# Turkey Pots



## djg (Mar 26, 2016)

What do you use to roughen up the surface of the glass/slate calls?
Emory cloth, etc.? What grit?


----------



## Jason Needham (Mar 26, 2016)

Etching cream from Hobby Lobby. Then hit it with a conditioning stone. Do straight lines with the stone. Look at my picture too left on pot for reference.

Reactions: Thank You! 1


----------



## djg (Mar 26, 2016)

Thanks, but what about when you're actually using the call?
The little patch of paper that came with the commercial call has been misplaced.
Plus, I want to try my hand at making one, too. I'll need it for that.


----------



## JR Custom Calls (Mar 26, 2016)

220 grit sandpaper on glass once it's been conditioned with a stone. For slate, 400 grit sandpaper or something like a brillo pad works best.

Reactions: Thank You! 1


----------



## Rick Howard (Apr 4, 2016)

As corny as it might be for a custom call guy, I like to carry the primos gadget with the stone on it. I stuff some green scorch rite in the handle. I use the scratch brite on striker tips and slate. I break in a new Un- scratched glass surface with 120 drywall screen then use that stone to even her out. Periodically I use the stone on the glass to keep it running well.

Reactions: Agree 1


----------



## greenleecustomcalls (Apr 4, 2016)

Hey Rick I use the same primos gadget so I don't feel to badly now. Just never have gotten around to making one, im sure it would be pretty easy.
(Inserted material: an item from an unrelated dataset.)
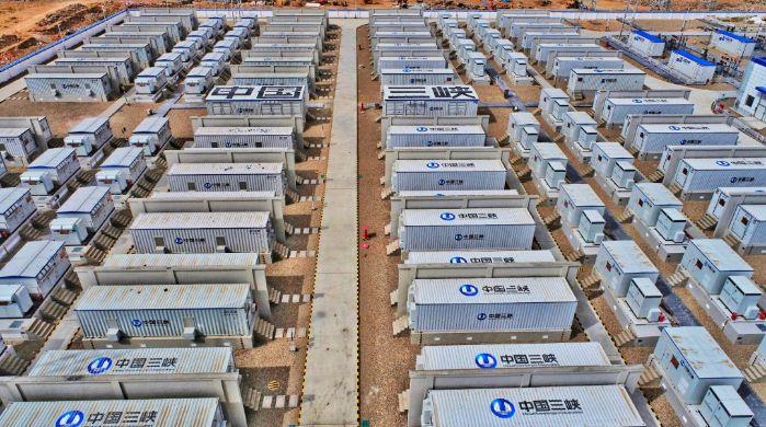2021年末,三峽烏蘭察布新一代電網友好綠色電站示范項目首批機組成功并入內蒙古電網,成為國內首個儲能配置規模達到千兆瓦時的新能源場站。電站總建設規模200萬千瓦,分為170萬千瓦風電項目和30萬千瓦光伏項目,全部投產后,年平均發電量近60億千瓦時,可滿足近30萬戶家庭月用電量(按每戶居民月用電量200千瓦時計)。項目配套建設55萬千瓦×2小時儲能系統,可儲存110臺5兆瓦風機滿發2小時產生的能量,在陰天或無風時有效“查漏補缺”,為電網系統調峰調頻等提供輔助服務。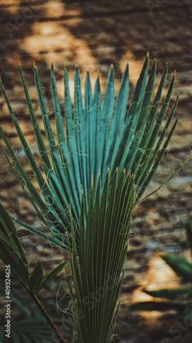 © JuanMartinVidrio, Obraz premium Fan palm on the background. Green leaf. Ornamental plant

At one time I had some of those small stones just not sure where they are now


----------



## Rick Howard (Apr 4, 2016)

I have been planning to make some for 2 years.... Lol


----------



## greenleecustomcalls (Apr 5, 2016)

It been at least two years for me making them, was planning on making a bunch of them but got doing something else probably calls, think I might work on a prototype this week since im thinking about it, but have to build a portable stand for my new lathe.


----------